PENDAHULUAN
Perkembangan yang pesat dari teknologi telekomunikasi
dan teknologi komputer menghasilkan internet yang multifungsi. Perkembangan ini
membawa kita ke ambang revolusi keempat dalam sejarah pemikiran manusia bila
ditinjau dari konstruksi pengetahuam umat manusia yang dicirikan dengan cara
berfikir yang tanpa batas (borderless way of thinking).
Percepatan teknologi semakin lama semakin supra yang
menjadi sebab material perubahan yang terus menerus dalam semua interaksi dan
aktivitas masyarakat informasi. Internet merupakan big bang kedua – setelah big
bang pertama yaitu material big bang menurut versi Stephen Hawking
– yang merupakan knowledge big bang dan ditandai dengan komunikasi elektromagentoopis via
satelit maupun kabel, didukung oleh eksistensi jaringan telefon yang telah ada
dan akan segera didukung oleh ratusan satelit yang sedang dan akan diluncurkan.

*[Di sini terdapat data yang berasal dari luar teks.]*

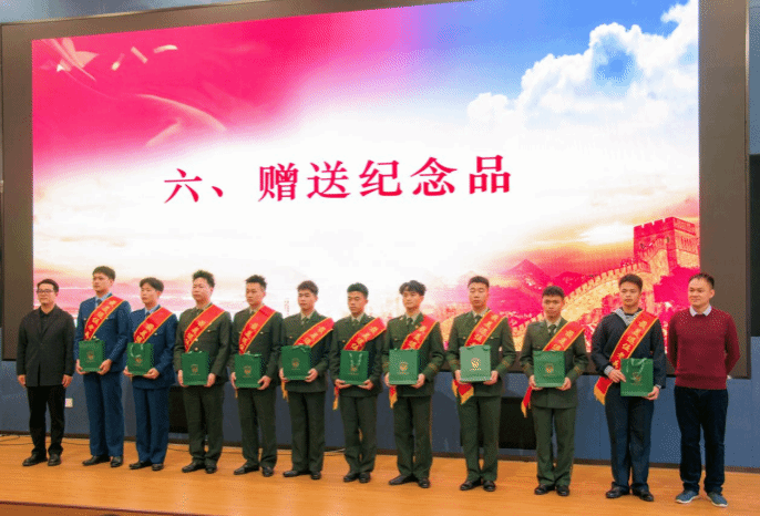 学校国防教育工作室主持人、退役士兵协会指导老师张悬鹏老师,学校党委武装部陆遥遥老师为退役复学生代表颁发了退役复学纪念品。
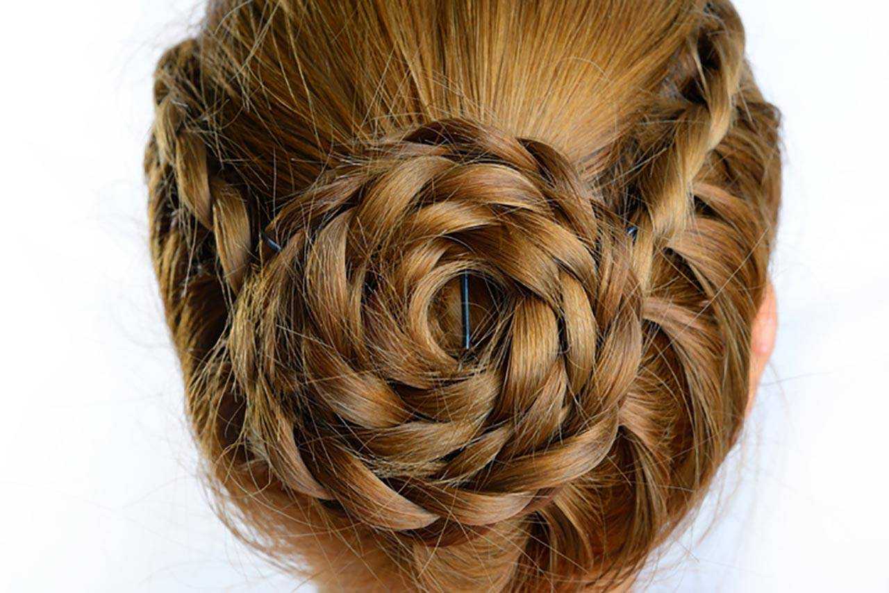 - Скрутите свободный хвост косы в цветок и закрепите его на затылке при помощи шпилек.
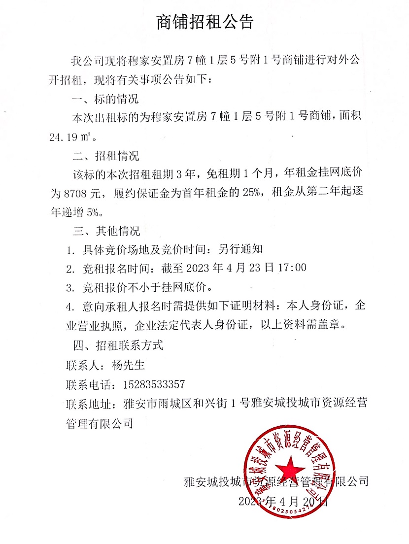 穆家安置房7幢1層5號附1號商鋪招租公告
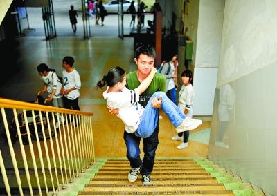 10月27日,湖南商学院,男生抱着陈望爬楼梯进教室上课。今年刚入学的该院电子商务系新生陈望下肢瘫痪,不能独立行走,每次上课上楼都由同学护送,班上的12名男生或背或抱,轮着帮她上下楼。本报记者 童迪 摄
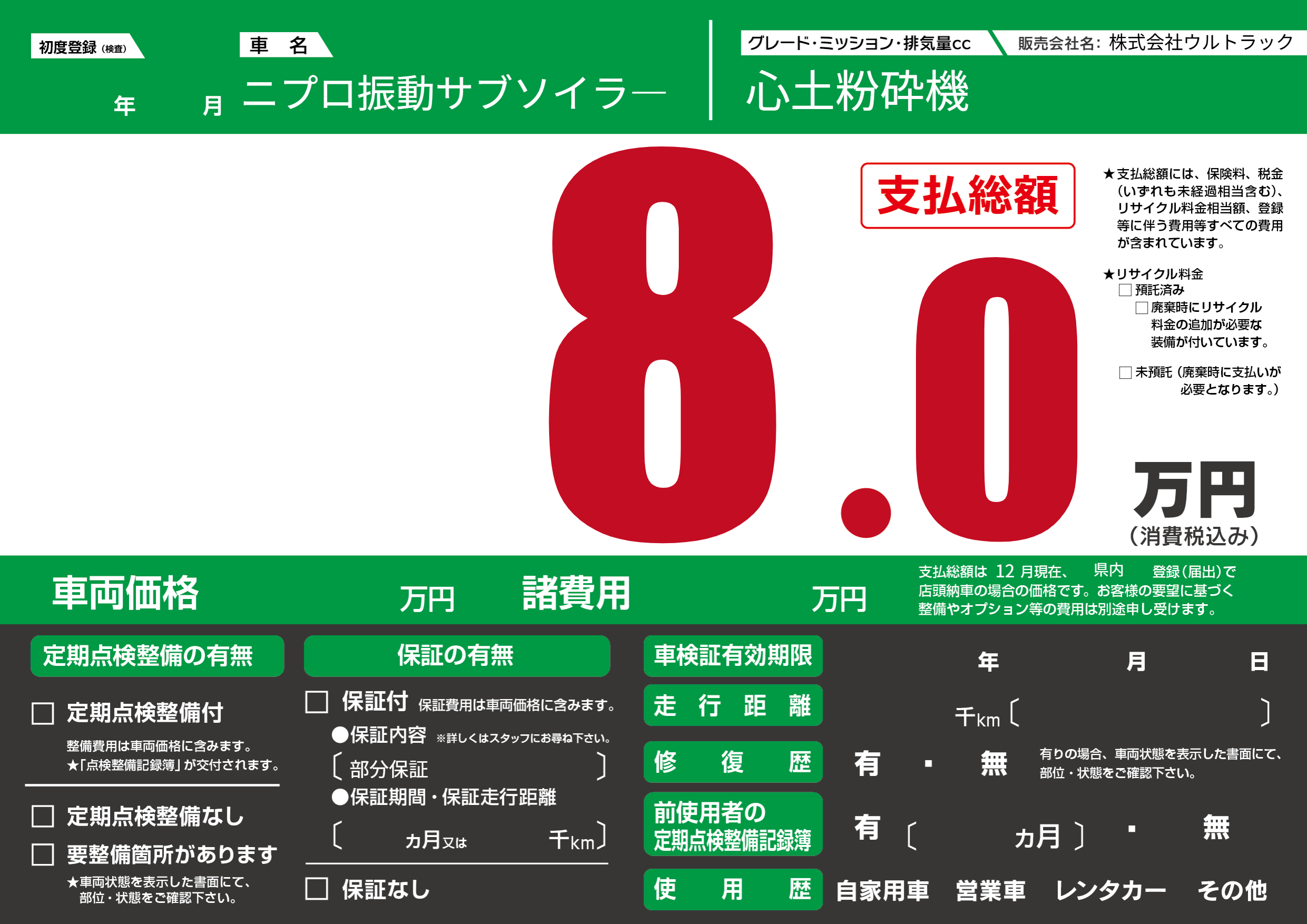 | 車名 | ニプロ振動サブソイラ― | グレード ミッション 排気量 |

Internet merupakan symbol material embrio masyarakat
global. Internet membuat globe dunia, seolah-olah menjadi seperti hanya selebar
daun kelor. Era informasi ditandai dengan aksesibilitas informasi yang
amat tinggi. Dalam era ini, informasi merupakan komoditi utama yang diperjual
belikan sehingga akan muncul berbagainetwork dan information company yang
akan memperjual belikan berbagai fasilitas bermacam jaringan dan berbagai basis
data informasi tentang berbagai hal yang dapat diakses oleh pengguna dan
pelanggan.
Semua itu membawa masyarakat ke dalam suasana yang
disebut oleh John “aisbitt, “ana “aisbitt dan Douglas Philips sebagai Zona
Mabuk Teknologi. Internet (yang menghadirkan cyberspace dengan realitas
virtualnya) menawarkan kepada manusia berbagai harapan dan kemudahan. Akan
tetapi dibalik itu, timbul persoalan berupa kejahatan yang dinamakan cyber
crime, baik sistem jaringan komputernya itu sendiri yang menjadi sasaran maupun
komputer itu sendiri yang menjadi sarana untuk melakukan kejahatan. Tentunya
jika kita melihat bahwa informasi itu sendiri telah menjadi komoditi maka upaya
untuk melindungi asset tersebut sangat diperlukan. Salah satu upaya
perlindungan adalah melalui hukum pidana, baik dengan bersaranakan penal maupun
non penal.
Sebenarnya dalam persoalan cybercrime,
tidak ada kekosongan hukum, ini terjadi jika digunakan metode penafsiran yang
dikenal dalam ilmu hukum dan ini yang mestinya dipegang oleh aparat penegak
hukum dalam menghadapi perbuatan-perbuatan yang berdimensi baru yang secara
khusus belum diatur dalam undang-undang. Persoalan menjadi lain jika ada
keputusan politik untuk menetapkancybercrime dalam
perundang-undangan tersendiri di luar KUHP atau undang-undang khusus lainnya.
Sayangnya dalam persoalan mengenai penafsiran ini, para hakim belum sepakat
mengenal kateori beberapa perbuatan. Misalnya carding, ada hakim
yang menafsirkan masuk dalam kateori penipuan, ada pula yang memasukkan dalam
kategori pencurian. Untuk itu sebetulnya perlu dikembangkan pemahaman kepada
para hakim mengenai teknologi informasi agar penafsiran mengenai suatu bentuk cybercrime ke
dalam pasal-pasal dalam KUHP atau undang-undang lain tidak membingungkan.